А вот и царь, дан [господин] Саломон,
я думаю, что у него было больше, чем у других;
Как, боже, мне было бы приятно,
если бы я
был вполовину меньше, чем он!..
Увы, увы, что когда-нибудь любовь была сильной!
Мы не будем цитировать ее физиологические признания, равно как и их мужской аналог в «Сказке Сомнура», где Чосер берется изучать анатомию метеоризма. Воздух проясняется, когда мы переходим к басне о вечно послушной Гризельде в «Повести оксфордского клирика»; ни Боккаччо, ни Петрарка не рассказывали так хорошо эту легенду, приснившуюся какому-то домогающемуся мужчине.

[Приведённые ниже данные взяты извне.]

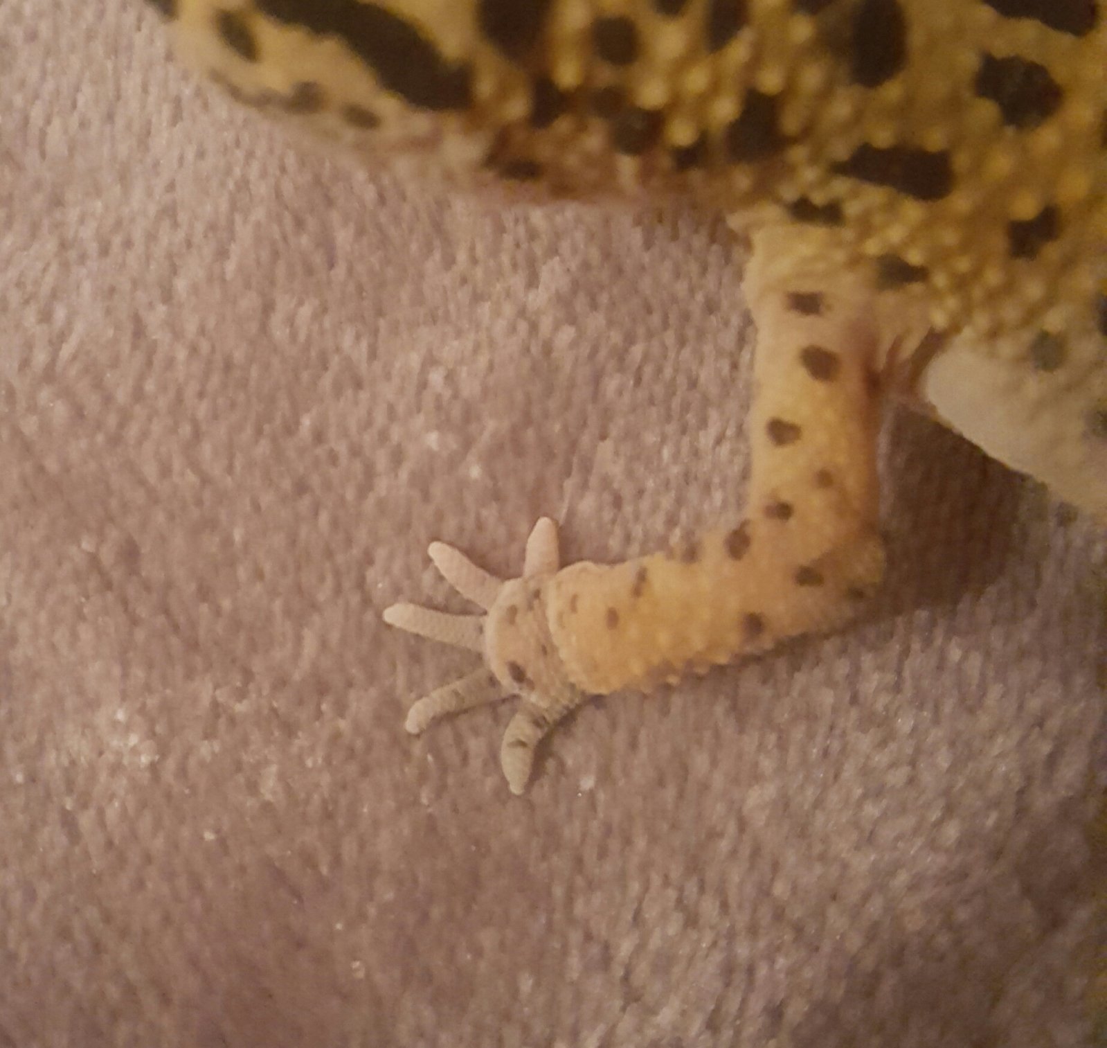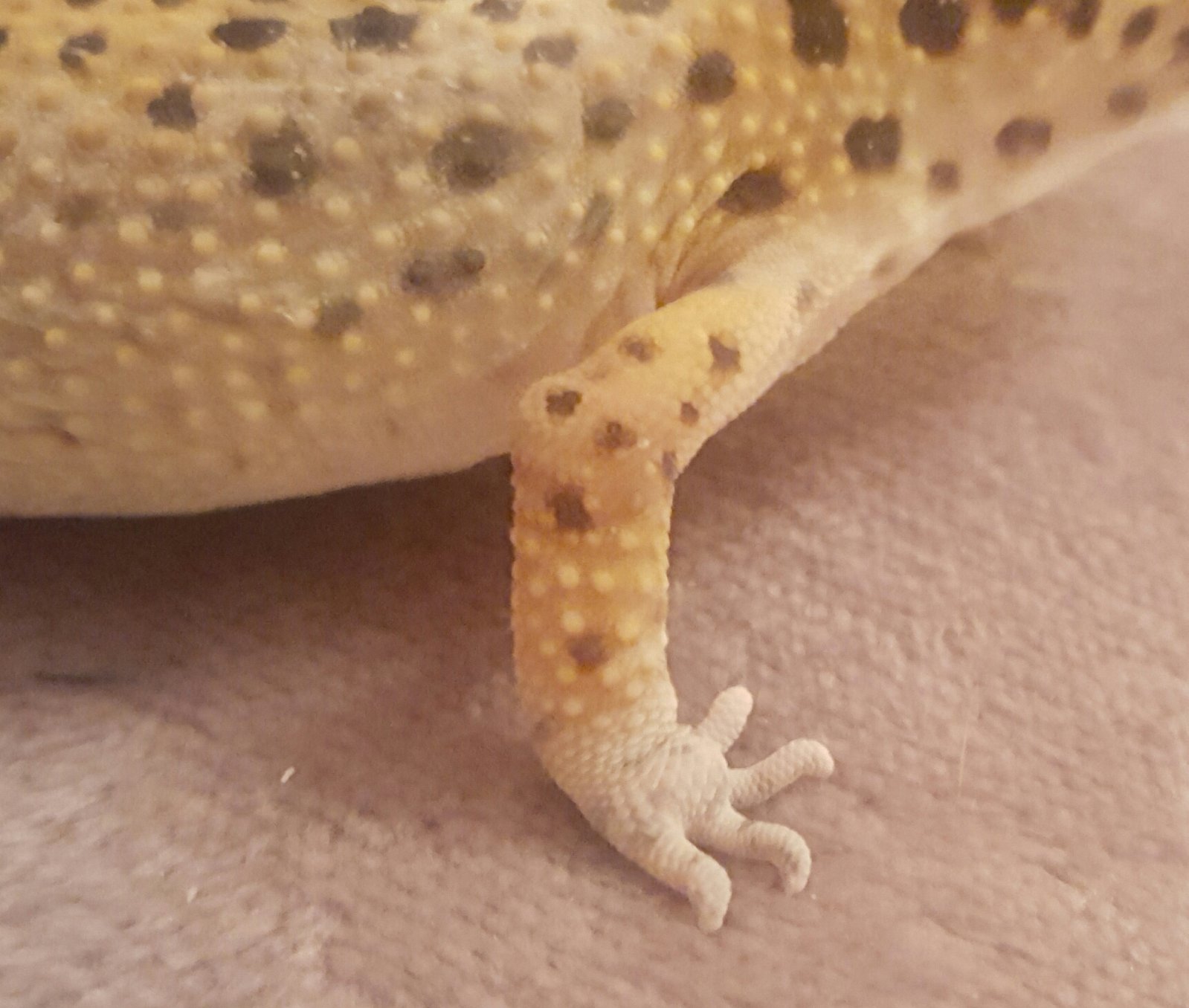 Hola buenas! hace unos dias que he visto las patas delanteras de mi gecko como inchadas... hace 2 semanas la vi que tenía bolitas de grasa en las axilas las cuales ya se disolvieron pero ahora las manos las tiene inchadas y no estoy seguro si tambn se debe a grasa acumulada. pongo fotos.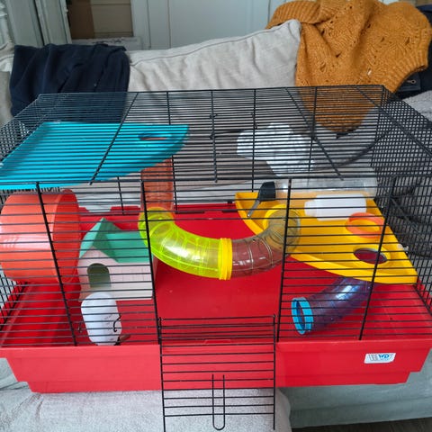 Hyväkuntoinen hamsterin häkki. Pieniä kulumäjälkiä. Koko

Из пятидесяти восьми историй, обещанных в Прологе, Чосер дает нам только двадцать три; возможно, он, как и читатель, считал, что пятисот страниц достаточно и что колодец его изобретательности иссяк. Даже в этом бурлящем потоке есть мутные места, которые благоразумный глаз пропустит. Тем не менее медленное, глубокое течение несет нас по течению и дарит воздух свежести, как если бы поэт жил на зеленых берегах, а не за воротами Лондона — хотя и там Темза была недалеко. Некоторые из восхвалений красоты природы — стереотипные литературные упражнения, но движущаяся картина оживает с такой естественностью и непосредственностью чувств и речи, с таким откровенным наблюдением за людьми и нравами из первых рук, какое редко можно найти между обложками одной книги; и с таким рогом образов, подобий и метафор, какой мог бы дать только Шекспир. (Пардонер «взошел на кафедру, кивает на восток и запад прихожанам, как голубь на фронтоне амбара»). Восточно-мидлендский диалект, которым пользовался Чосер, стал через него литературным языком Англии: словарный запас уже достаточно богат, чтобы выразить все изящества и тонкости мысли. Теперь впервые речь английского народа стала средством выражения великого литературного искусства.